Selon Gerald Gass, directeur de la Fédération allemande des hôpitaux, les Syriens constituent désormais le groupe le plus important de médecins étrangers, avec une proportion de 2 à 3 %. On estime à 5 000 le nombre de médecins syriens travaillant dans les seuls hôpitaux. Le ministre de la santé, Karl Lauterbach, qui estime le nombre total de médecins syriens à plus de 6 000, déclare qu'ils sont "indispensables" aux soins de santé.
M. Gass a déclaré que l'image que les opérateurs hospitaliers obtiennent des médecins syriens jusqu'à présent est "très variée". Certains, en particulier ceux qui ont encore de nombreux parents en Syrie, envisagent un retour rapide si la situation se stabilise, tandis que d'autres se sentent à l'aise et bien intégrés en Allemagne et souhaitent y rester. Mais "aucun mouvement de masse imminent vers la Syrie n'est reconnaissable" à l'heure actuelle, a déclaré M. Gass.

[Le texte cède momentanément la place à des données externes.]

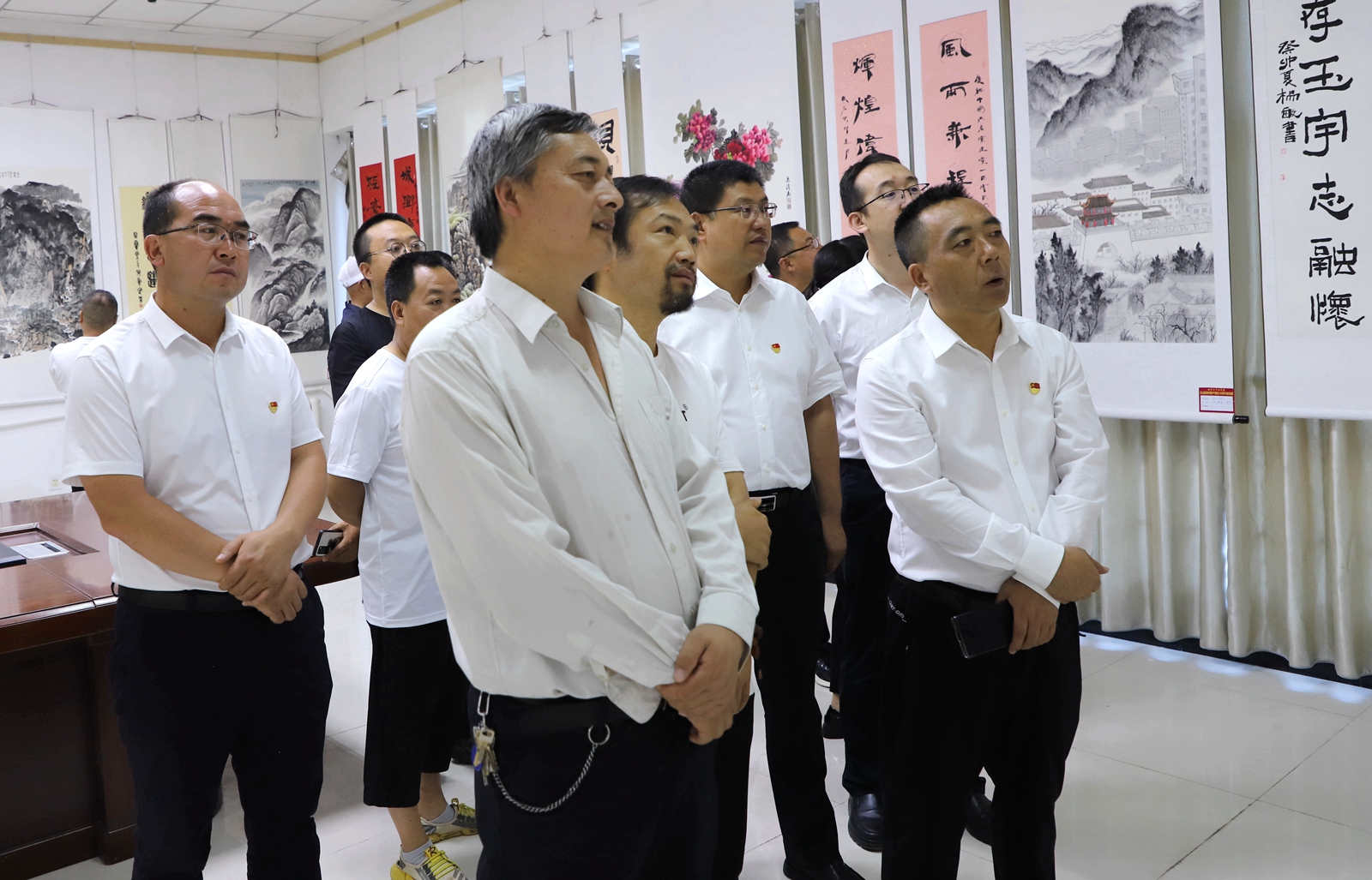 书画展共遴选了全县广大党员干部和艺术家们书画作品100余幅,作品主题鲜明、内容丰富,充分展现了全县经济建设、政治建设、文化建设、生态建设和基层党组织建设取得的巨大变化。展出作品融思想性、艺术性、教育性为一体,展现了全县人民永远跟党走的坚定信念和昂扬向上精神风貌。

"Il n'est certainement pas vrai que les soins aux patients s'effondreraient en Allemagne si tous les médecins syriens rentraient maintenant", a déclaré M. Gass. "Mais bien sûr, ces personnes travaillent souvent en petits groupes sur des sites individuels", et leur départ rapide pourrait entraîner des fermetures temporaires au niveau local." "Nous sommes bien avisés de traiter ces personnes avec respect", a déclaré M. Gass. "Et oui, les propriétaires d'hôpitaux réfléchissent à la manière dont ils pourraient pourvoir ces postes."

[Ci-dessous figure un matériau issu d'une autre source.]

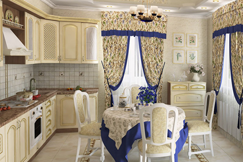 Les fenêtres devraient avoir des rideaux lumineux qui ne gêneraient pas le passage de l'air frais et du soleil. De plus, ils doivent être fabriqués avec des matériaux naturels - lin, coton. Ce qu’ils seront - qu’ils soient simples, à damiers ou avec une petite fleur dépend de l’intérieur général.
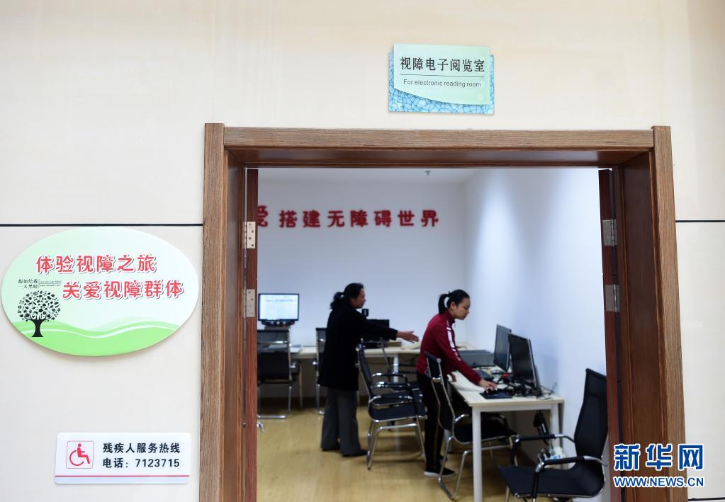 4月28日,葉景芬(右)在媽媽林鳳玉陪伴下,在龍泉市圖書館視障電子閱覽室查閱盲文資料。新華社記者 韓傳號 攝
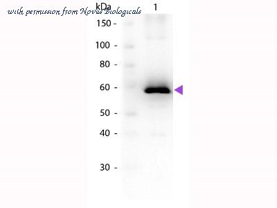 Western Blot: Luciferase Antibody [NB100-1677] - Lane 1: Luciferase, 50ng.Luciferase antibody at 1:1000 overnight at 4C. Secondary antibody: Peroxidase goat secondary antibody at 1:40,000 for 30 min at RT. Block: incubated with blocking buffer for 30 min at RT. Predicted/Observed size: 60 kDa for Luciferase. Other band(s): None.
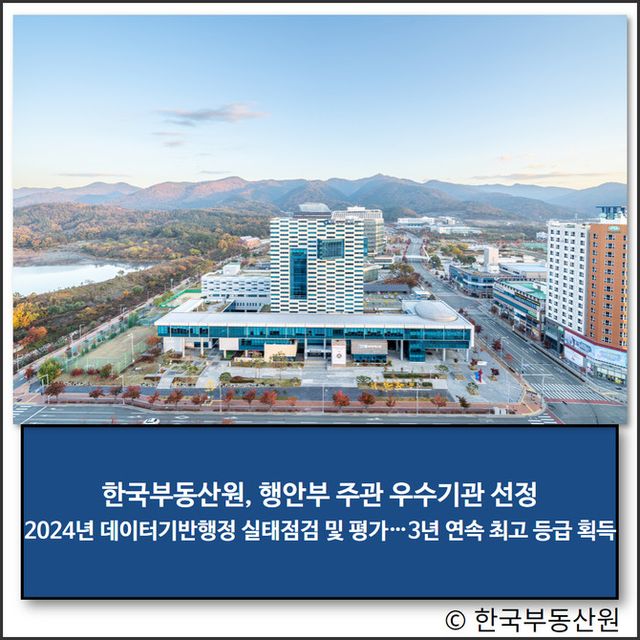 한국부동산원이 행정안전부 주관의 '2024년 데이터기반행정 실태점검 및 평가(이하 데이터기반행정 실태평가)'에서 우수기관으로 선정됐다.
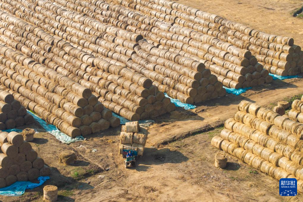 12月1日,在南县浪拔湖镇太阳山村一秸秆饲料化利用工厂,工人在运输秸秆(无人机照片)。新华社记者 陈思汗 摄
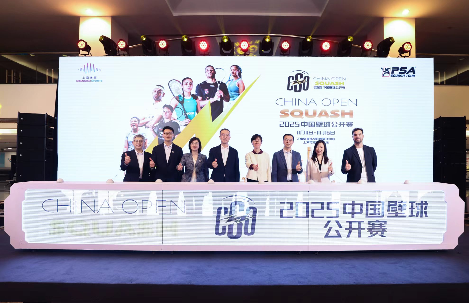 11月10日晚,2025中国壁球公开赛启动仪式在上海世贸展馆举行。男、女单打世界排名前十的选手,如保罗·科尔、穆罕默德·艾尔舒巴基、哈尼亚·埃尔·夏玛妮等均悉数到场,共同见证2025中国壁球公开赛华丽启幕。
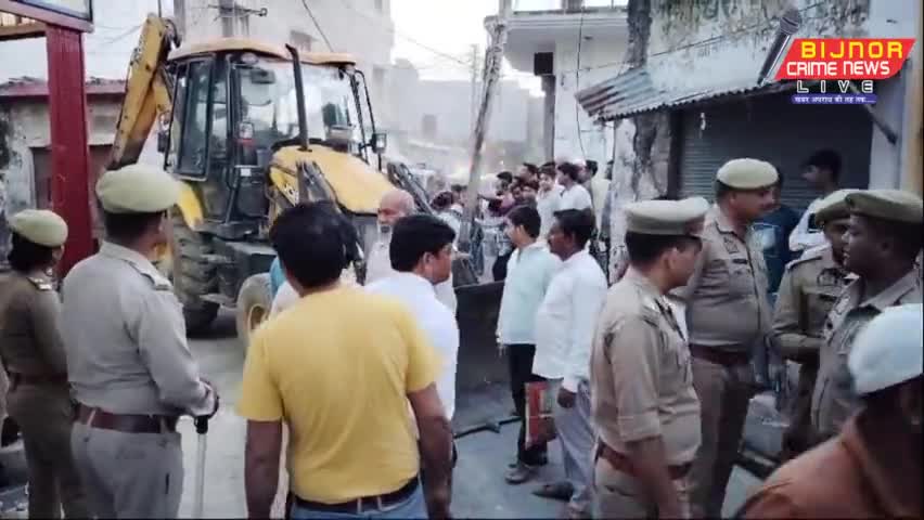 बिजनौर के शेरकोट मे मचा हड़कंप बुल्डोजर लेकर मैन मार्किट मे पहुंची पुलिस मची अफरा-तफरी
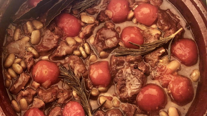 Towards the end of that time pour boiling water over the tomatoes and then, after 30 seconds, drain off the water and slip the skins off. Add these to the casserole, along with a good seasoning of salt, then replace the lid and carry on cooking for a further hour. Before serving, remove the bay leaves and sprigs of thyme and taste to check the seasoning.
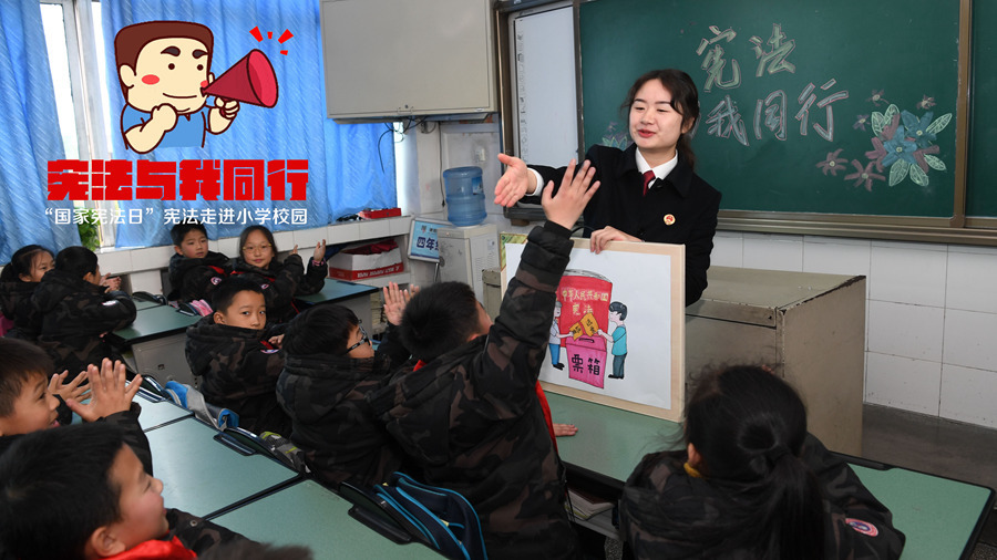检察干警余婷走进德阳市华山路学校,和孩子们互动交流,普及宪法知识。

Des médecins syriens ont fait de l'Allemagne leur patrie
Le docteur Hiba Alnayef, assistante pédiatrique à l'hôpital de Nauen, dans la banlieue de Berlin, raconte qu'au cours des dix derniers jours, on lui a demandé : "et si tous les Syriens repartaient maintenant ?"
"Je ne sais pas - certains le veulent, mais c'est très difficile et incertain", a déclaré Alnayef, née à Alep, qui a passé une grande partie de sa vie en dehors de la Syrie et est arrivée en Allemagne depuis l'Espagne en 2016. Elle dit que c'est quelque chose auquel elle pense, "mais j'ai une patrie ici aussi maintenant."
Elle a déclaré qu'elle et d'autres médecins et pharmaciens syriens aimeraient établir une coopération entre l'Allemagne et la Syrie. "Les Allemands ont besoin de spécialistes, la Syrie a besoin de soutien... de rénovation, tout est détruit aujourd'hui", a-t-elle déclaré. "Je pense que nous pouvons travailler ensemble pour aider les deux sociétés."
Mme Alnayef a déclaré que le système de santé allemand aurait "un gros problème" si une partie seulement de ses médecins syriens décidaient de partir - "nous manquons de personnel, nous sommes épuisés, nous faisons le travail de plusieurs médecins".
Elle a déclaré que l'Allemagne avait offert "un port sûr", mais que la discrimination et le racisme étaient des problèmes et que l'intégration était un défi.
Le Dr Ayham Darouich, 40 ans, qui a quitté Alep pour l'Allemagne afin d'étudier la médecine en 2007 et qui a son propre cabinet de médecine générale à Berlin depuis 2021, a déclaré que "d'après ce que j'ai entendu, aucun membre de mon cercle d'amis ne veut rentrer." "Ils ont leur famille ou leur cabinet ici, ils ont leur société ici, ils vivent dans leur patrie", a déclaré M. Darouich. Les inquiétudes de l'Allemagne quant à un éventuel retour sont "un peu exagérées ou injustifiées."
Mais il a ajouté que l'Allemagne devait faire davantage pour persuader les professionnels de la santé de rester dans le pays après leur formation, et qu'elle pouvait également faire davantage pour se rendre attrayante aux yeux des étrangers afin de combler les lacunes en matière de main-d'œuvre.
"Nous constatons que les infirmières et les professionnels de la santé dans les hôpitaux gagnent relativement peu par rapport aux États-Unis ou à la Suisse", a déclaré M. Darouich, ajoutant que des horaires de travail mal réglementés et des hôpitaux en sous-effectif font partie des facteurs qui "font fuir les gens."